Bishop Smith presided at the gala groundbreaking ceremony at the site of the new Church of St. Theresa on Radio Road in Little Egg Harbor on August 29th, 2004. At this time soil brought from Saint Theresa's Carmelite Monastery in Lisieux, France was combined into the soil of the new Church site. On August 24, 2005, relics of Saint Theresa and Saint John Neumann as well as the names of every person who had been buried from the Church of St. Theresa on Main St. in Tuckerton were placed in the soil directly below the future site of the Altar. The names of those who were baptized in the Tuckerton church were placed in the soil directly below the future site of the Baptismal Pool. In new the Church of St. Theresa was dedicated and opened in 2006.

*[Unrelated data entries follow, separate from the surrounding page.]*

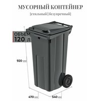Контейнер для мусора 120 л на колесах, серый, новый: сравнение цен, характеристики, фото, актуальное наличие и цены.
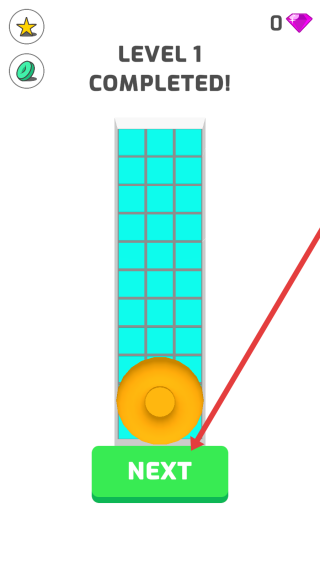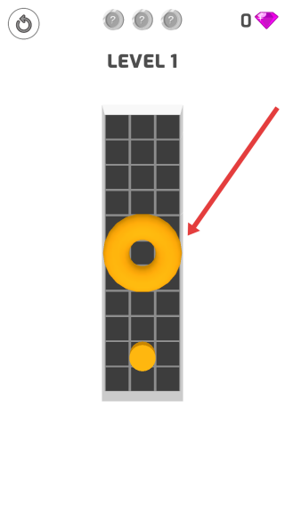 1、滑動屏幕翻轉(zhuǎn)黃色甜甜圈,使其下落覆蓋下方小球,填滿方格,完成LEVEL1的形狀拼接任務。
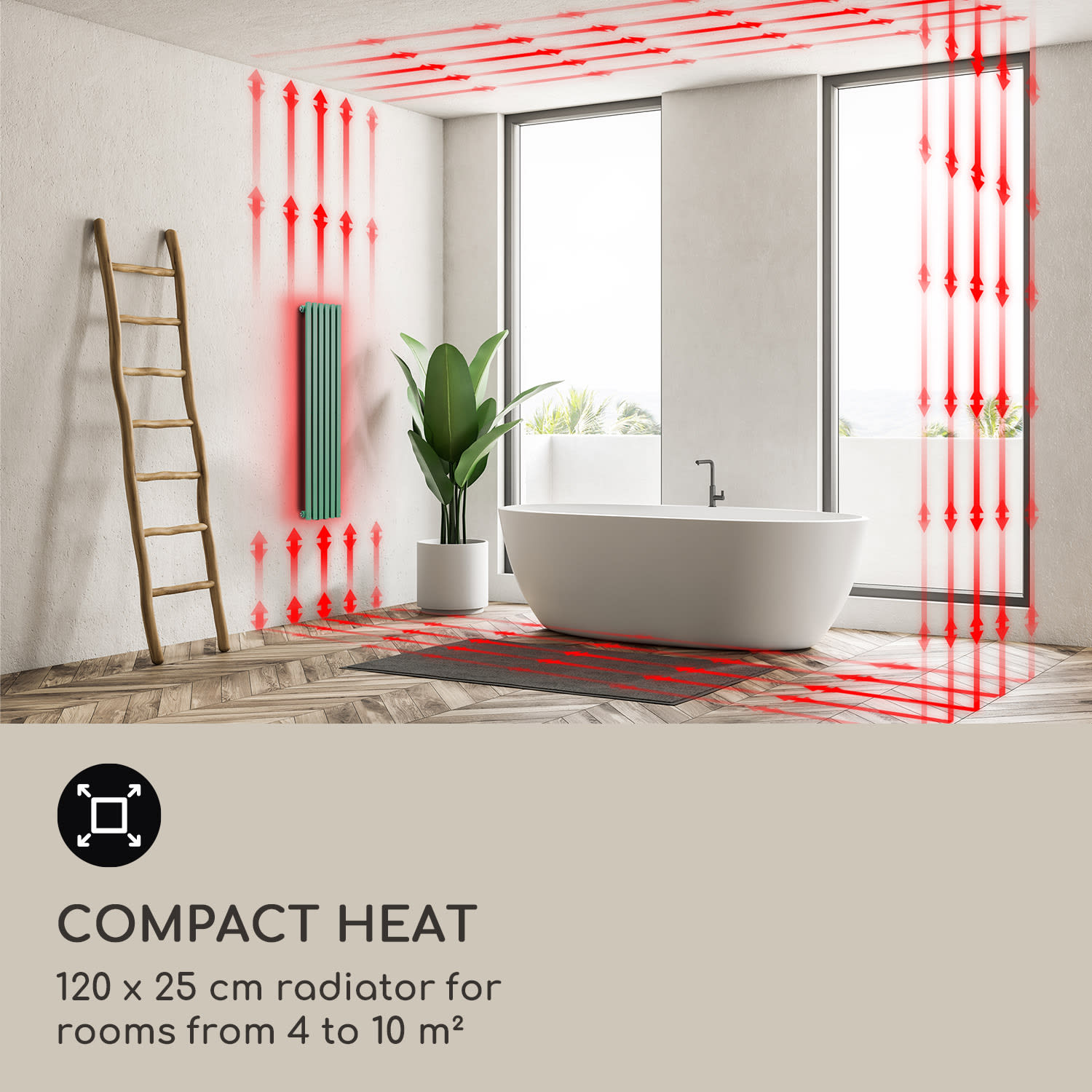 Blumfeldt Delgado, 120 x 25, radiátor, kúpeľňový radiátor, rúrkový radiátor, 508W, teplá voda, 1/2
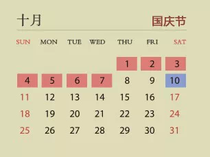 " [: u- e L \ 假期其实没有少。仔细看,国庆假期少借了一个周日(10月11日),这一天补休在了这里,避免了十一假期后连上9天班的状况。
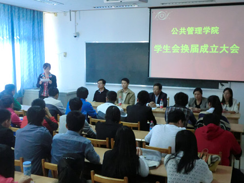 10月18日下午2点四十分,探花视频 第十一届学生会成立大会在学校燕山校区2303教室举行。出席会议的有探花视频 党总支书记王有志、副书记周炎,团总支王恩娟、李昭娜、李广华老师以及学生会全体成员。
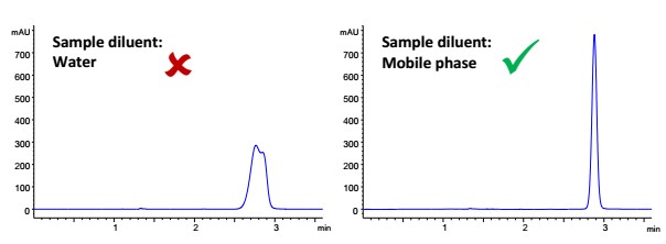 當使用親水相互作用液相色譜法(HILIC)時,樣品稀釋劑的選擇對峰形有顯著的影響。稀釋劑的錯誤選擇可能會導致色譜峰形差,峰分裂和保留時間的不穩定。

In 2008 Rev. Mick Lambeth was made pastor and work began on the new Faith Formation Center and Administrative Offices. This facility was dedicated and opened in 2011.
Pastors of our parish since 1947 have been:
Rev. Peter H. Teston (1947-1950)
Rev. Alexander A. Burant (1950-1954)
Rev. Arthur J. St. Laurent (1954-1958)
Rev. James A. Thompson (1958- 1962)
Rev. James Remias (1962-1965)
Rev. Dominic Turtura (1965-1969)
Rev. Thomas Dennen (1969-1972)
Rev. George Deutsch (1972 - Administrator)
Rev. Msgr. Maurice P. Griffin (1972-1981)
Rev. Harry E. Cenefeldt (1981-1986)
Rev. Msgr. James F. McManimon (1986-1988)
Rev. Terence O. McAlinden (1988-2007)
Rev. Msgr. Hugh Ronan (2007 – Administrator)
Rev. K. Michael Lambeth (2008- 2019)
Rev. John Large (2019 to present)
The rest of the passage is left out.